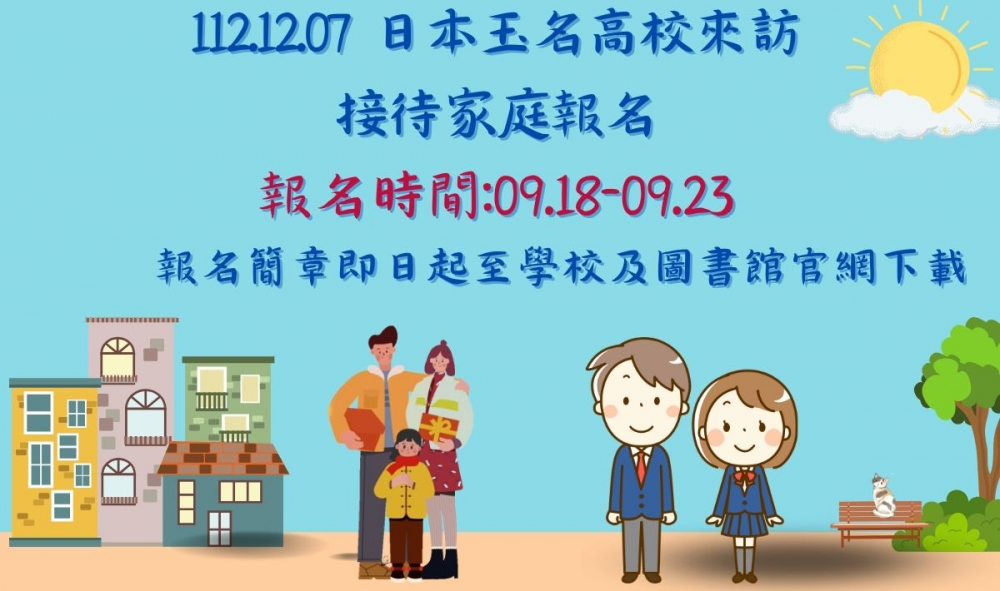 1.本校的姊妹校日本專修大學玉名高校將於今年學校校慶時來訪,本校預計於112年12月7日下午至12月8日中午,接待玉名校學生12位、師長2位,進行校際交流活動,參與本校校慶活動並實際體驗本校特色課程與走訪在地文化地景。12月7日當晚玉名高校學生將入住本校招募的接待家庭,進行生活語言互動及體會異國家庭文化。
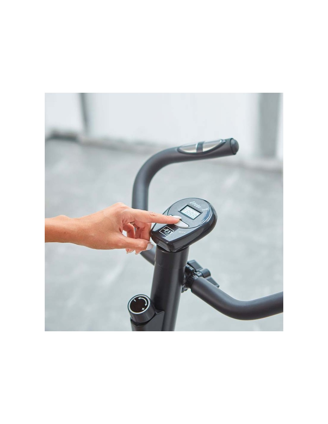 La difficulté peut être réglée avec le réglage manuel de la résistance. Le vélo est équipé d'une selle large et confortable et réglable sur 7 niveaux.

==

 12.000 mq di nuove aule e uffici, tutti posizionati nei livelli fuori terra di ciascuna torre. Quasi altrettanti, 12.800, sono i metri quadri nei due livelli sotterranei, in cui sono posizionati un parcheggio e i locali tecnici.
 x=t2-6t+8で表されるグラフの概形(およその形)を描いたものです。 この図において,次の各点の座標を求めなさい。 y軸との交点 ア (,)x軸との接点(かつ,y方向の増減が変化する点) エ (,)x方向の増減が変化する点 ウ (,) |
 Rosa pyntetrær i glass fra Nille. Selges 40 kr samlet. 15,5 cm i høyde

## WORK REQUIRED
Each line above that falls between the line with "1.本校的姊妹校日本專修大學" and the line with "La difficulté peut" should be printed exactly, together with those two lines, but the pictures should not.

## SOLUTION
 1.本校的姊妹校日本專修大學玉名高校將於今年學校校慶時來訪,本校預計於112年12月7日下午至12月8日中午,接待玉名校學生12位、師長2位,進行校際交流活動,參與本校校慶活動並實際體驗本校特色課程與走訪在地文化地景。12月7日當晚玉名高校學生將入住本校招募的接待家庭,進行生活語言互動及體會異國家庭文化。
 La difficulté peut être réglée avec le réglage manuel de la résistance. Le vélo est équipé d'une selle large et confortable et réglable sur 7 niveaux.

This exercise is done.